Day has collaborated with the likes of David Childs, Nicki Roman, James Markey, Wendy Richman, Jens Lindemann, Demondrae Thurman, Hiram Diaz, Steven Cohen, Jeremy Lewis, and more on works for their respective instruments, as well as chamber ensembles like One Found Sound, Axiom Brass, Ensemble Dal Niente, The Sheffield Chamber Players, The Puerto Rican Trombone Ensemble, The Zenith Saxophone Quartet, The Tesla Quartet, and the Boston Symphony Orchestra Low Brass Section.

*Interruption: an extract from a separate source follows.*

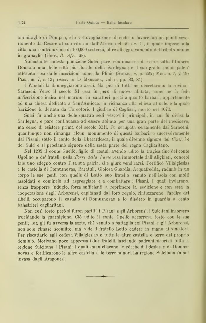 Non così tosto però si furon partiti i Pisani e gli Arborensi, i Sulcìtani insorsero trucidando la guarnigione. Ciò udito il conte Guelfo accorreva tosto con le sue genti; ma gli fu avversa la sorte, cliè venuto a battaglia coi Pisani e gli Arborensi, non solo rimase sconfitto, ma vide il fratello Lotto cadere in mano ai vincitori. Per riscattarlo egli cedeva Villaiglesias e tutte le altre castella e terre del proprio dominio. Morivano poco appresso i due fratelli, lasciando padroni sicuri di tutta la regione Sul citami i Pisani, i quali smantellarono le ròcche di Iglesias e di Domusnovas e fortificarono le altre castella e le terre minori. La regione Sulcitana fu poi invasa dagli Aragonesi.

Day is currently Assistant Professor of Composition and Director of Jazz at Wilfrid Laurier University in Waterloo, Ontario, Canada. He is finishing his DMA in Composition from the University of Miami Frost School of Music, where he studies with Charles Norman Mason, Dorothy Hindman, and Lansing McCloskey. He holds a MM in Composition from the University of Georgia, and BM in Performance from Texas Christian University (TCU).

photo by: UT-Knoxville School of Music

Marti Epstein is a Boston-based composer whose music has been performed by the San Francisco Symphony, The Radio Symphony Orchestra of Frankfurt, Ensemble Modern, Trinity Wall Street, and the Boston Symphony Chamber Players, She has completed commissions for the Fromm Foundation, The Munich Biennale, the Ludovico Ensemble, Guerilla Opera, the Radius Ensemble, Tanglewood Music Center, Winsor Music, Boston Opera Collaborative, Callithumpian Consort, Hinge, loadbang, and Collage New Music.

Marti was a two-time fellow at the Tanglewood Music Center (1986 and 1988) and a three-time fellow at the MacDowell Colony (1998, 1999, 2022). In 2020, Marti was awarded a Guggenheim Fellowship to compose Seven Sisters, Radiant Sisters for the Hinge Ensemble, Alpenglow for loadbang, and In Praise of Broken Clocks for soundicon. Nebraska Impromptu , an album of Marti’s chamber music for clarinet, was just released this past April on New Focus Recordings and features clarinetist Rane Moore and members of WInsor Music. Marti is Professor of Composition at Berklee College of Music/Boston Conservatory of Music.

Photo by: Erik Oña

Amy Williams is a composer of music that is “simultaneously demanding, rewarding and fascinating” (Buffalo News), “fresh, daring and incisive” (Fanfare). Her compositions have been presented at renowned contemporary music venues in the United States, Australia, Asia and Europe by leading contemporary music soloists and ensembles, including the Pittsburgh Symphony Orchestra, Buffalo Philharmonic Orchestra, JACK Quartet, Bent Frequency, Ensemble Musikfabrik, Wet Ink, Talujon, International Contemporary Ensemble, Junction Trio. Orpheus, pianist Ursula Oppens, soprano Tony Arnold and bassist Robert Black. Her pieces appear on the Albany, Parma, VDM (Italy), Blue Griffin, Centaur and New Ariel labels. As a member of the Bugallo-Williams Piano Duo, Ms. Williams has performed throughout Europe and the Americas and recorded six critically-acclaimed CDs for Wergo (works of Nancarrow, Stravinsky, Varèse/Feldman and Kurtág), as well as appearing on the Neos and Albany labels. Ms. Williams has been awarded a Howard Foundation Fellowship, Fromm Music Foundation Commission, Guggenheim Fellowship, Koussevitsky Music Foundation Commission, Goddard Lieberson Fellowship from the American Academy of Arts and Letters, a Fulbright Scholars Fellowship to Ireland (2017-2018) and a MacDowell fellow (2022). Ms. Williams holds a Ph.D. in composition from the University at Buffalo, where she also received her Master's degree in piano performance. She has taught at Bennington College and Northwestern University and is currently Professor of Composition at the University of Pittsburgh. She is Artistic Director of the New Music On The Point Festival in Vermont.